Dans un arrêt du 25 octobre 2018, le Conseil d’Etat rejette l’action engagée par la compagnie aérienne Ryanair en réparation du préjudice qu’elle estimait avoir subi du fait du régime français de redevances aéroportuaires qui permettait de différencier le montant des redevances d’atterrissage et par passager selon la destination du vol.

Par décision du 28 janvier 2009, la Commission européenne avait considéré que ce régime constituait une aide d’Etat à la fois "existante" car instaurée avant l’entrée en vigueur du traité de Rome et incompatible avec le marché intérieur pour ce qui était de la différenciation des redevances par passager.

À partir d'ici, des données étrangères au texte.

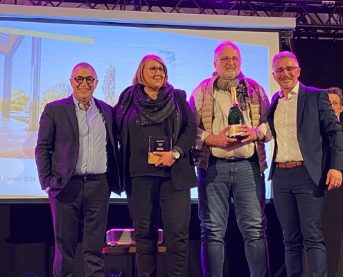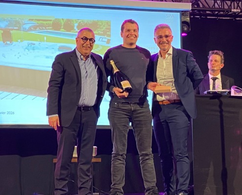 Comme chaque année, la soirée de gala a été l’occasion de distinguer les plus belles réalisations en matière de Piscines, Spas et M’Water (5 récompensés), ainsi que des parcours individuels remarquables au sein du réseau (3 récompensés).

Elle n’avait toutefois pas prescrit de mesures pour faire cesser cette différenciation, sa suppression par les autorités françaises ayant été réalisée en 2008 pour la majorité des aéroports français et prévue pour le 1er avril 2009 pour les aéroports de Paris.

Restait toutefois la question des effets produits par ce régime avant la décision de 2009. Estimant son préjudice à près de 110 millions d’euros, Ryanair soutenait que la responsabilité de l’Etat devait être regardée comme engagée dès la mise en œuvre dudit régime puisqu’il s’agissait d’une aide incompatible avec le marché intérieur.

Le Conseil d’Etat ne lui a toutefois pas donné raison, rappelant que, selon la jurisprudence européenne, les "aides existantes" sont réputées légales et peuvent continuer à être exécutées tant que la Commission n’a pas constaté leur incompatibilité avec le marché intérieur. Il en a déduit ainsi que "la responsabilité de l’Etat ne saurait être engagée pour méconnaissance fautive de la réglementation relative aux aides d’Etat à raison de la mise en œuvre d’une aide existante pour la période antérieure à l’intervention de la décision de la Commission constatant son incompatibilité avec le marché commun".

Si cette solution peut paraître relativement sévère pour les entreprises, elle ne fait en réalité que tirer les conséquences des régimes procéduraux différents s’appliquant aux aides "existantes" et "nouvelles" :

  • les "aides nouvelles" doivent être obligatoirement notifiées et autorisées par la Commission préalablement à leur mise en œuvre sous peine d’être illégales. Elles peuvent en outre faire l’objet de récupération ;
  • les "aides existantes" ne font pas l’objet d’un contrôle a priori mais permanent de la Commission européenne, en coopération avec les Etats membres. Elles ne sont ainsi pas soumises à une exigence de notification et d’autorisation préalable et sont réputées légales aussi longtemps que la Commission ne les déclare pas incompatibles. La Commission ne peut en outre ordonner que leur modification ou suppression pour l’avenir, sans récupération possible.  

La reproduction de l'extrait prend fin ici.